From: aidotengineer
Evaluating Retrieval Augmented Generation (RAG) systems is crucial for optimizing their performance. A significant challenge in RAG evaluation has traditionally been the requirement for golden answers or golden chunks, which is often non-scalable [00:00:29]. The OpenRAG Eval project aims to address this by providing a quick and scalable solution for RAG evaluation that does not rely on these prerequisites [00:00:09].
OpenRAG Eval Architecture
The OpenRAG Eval architecture begins with a set of user queries (e.g., 10, 100, or 1000) deemed important for a RAG system [00:00:49]. A RAG connector, available for platforms like Vectara, LangChain, and LlamaIndex, collects information such as actual chunks and answers generated by the RAG pipeline [00:01:02]. This output is then fed into the evaluation process, which runs various metrics grouped into “evaluators” [00:01:22]. These evaluators generate RAG evaluation files containing all necessary information for pipeline assessment [00:01:29].

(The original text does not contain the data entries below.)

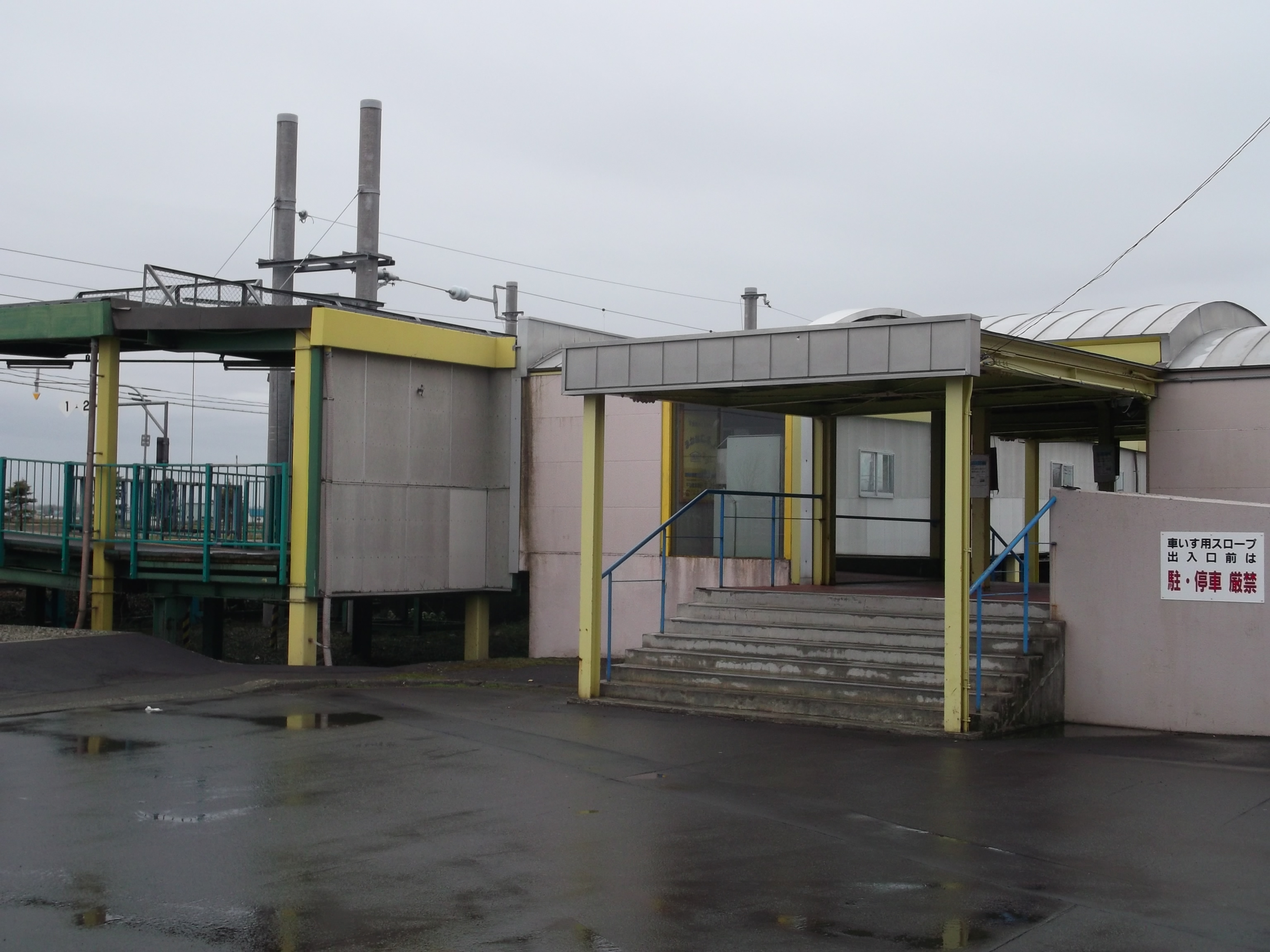 Hokkaido-Iryodaigaku Station entrance
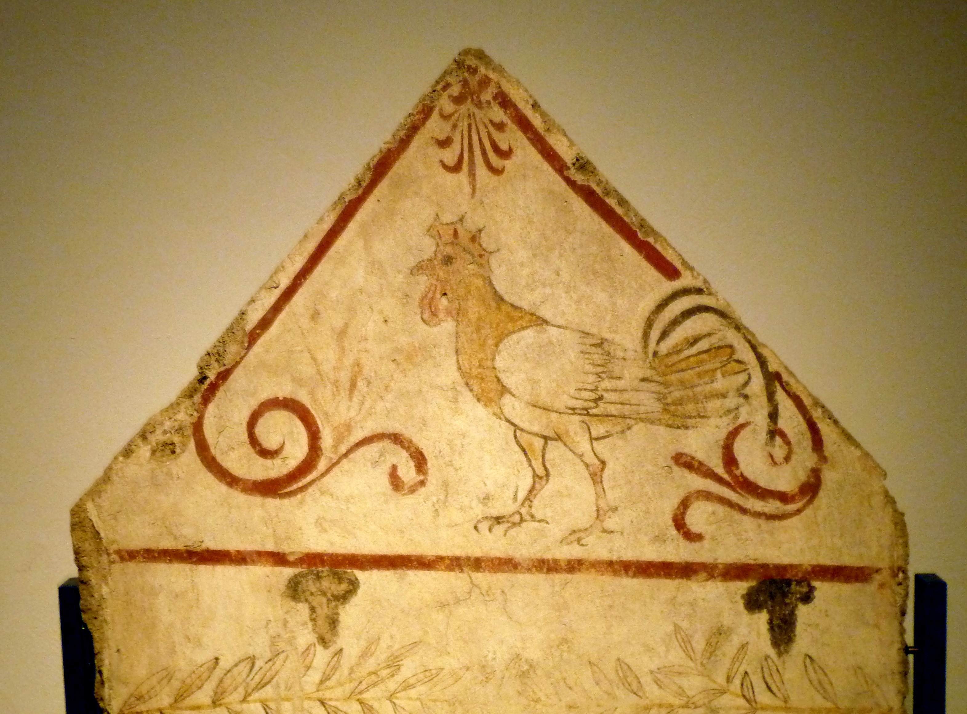 Lucanian Tomb of Paestum, Italy
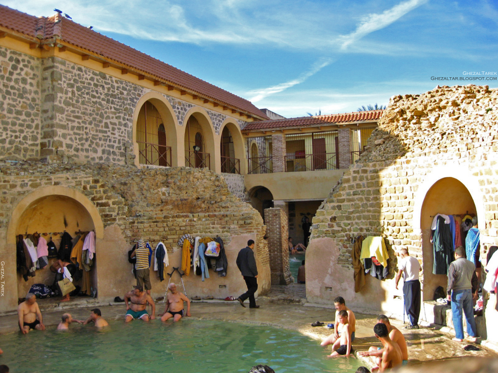 The Roman bath, Circular Pool Aquae Flaviane "Hammam Essalhine" Aures Khenchela
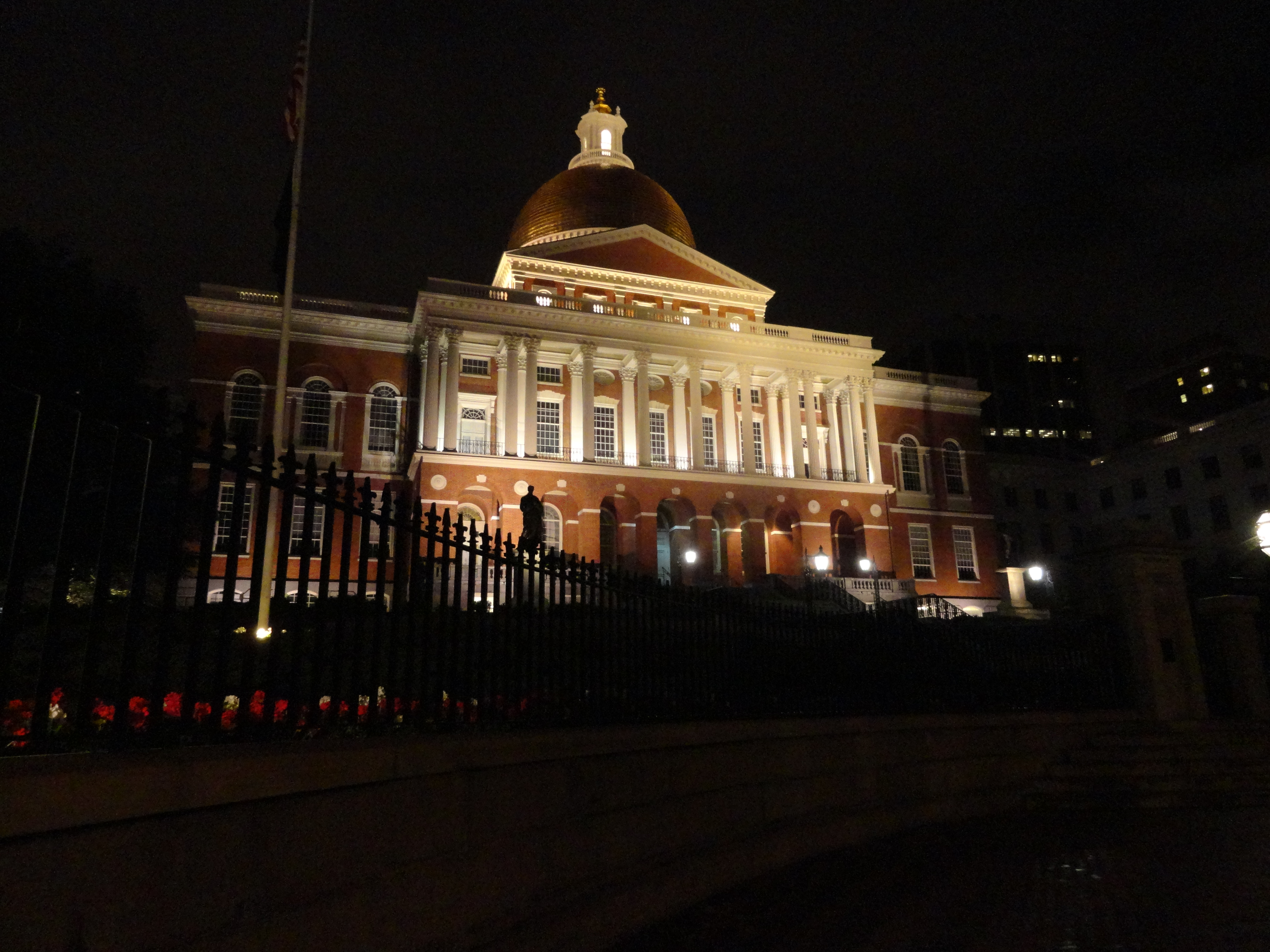 A view of the Massachusetts State House at night.

Key Metrics for Evaluation
OpenRAG Eval introduces several metrics designed to function effectively without the need for golden answers:
Umbrella (Retrieval Metric)
Umbrella is a retrieval metric that assigns a score between zero and three to each chunk [00:02:16]:
- Zero: The chunk has no relevance to the query [00:02:20].
- Three: The chunk is dedicated to the query and contains the exact answer [00:02:24].
Research by the University of Waterloo’s Jimmy Lynn lab indicates that this approach correlates well with human judgment, allowing for reliable retrieval evaluation without golden chunks [00:02:42].
AutoNuggetizer (Generation Metric)
AutoNuggetizer evaluates generation without requiring golden answers [00:02:56]. It follows three steps:
- Nugget Creation: Atomic units, called “nuggets,” are created from the response [00:03:05].
- Vital/Okay Rating: Each nugget is assigned a vital or okay rating, and the top 20 are selected [00:03:12].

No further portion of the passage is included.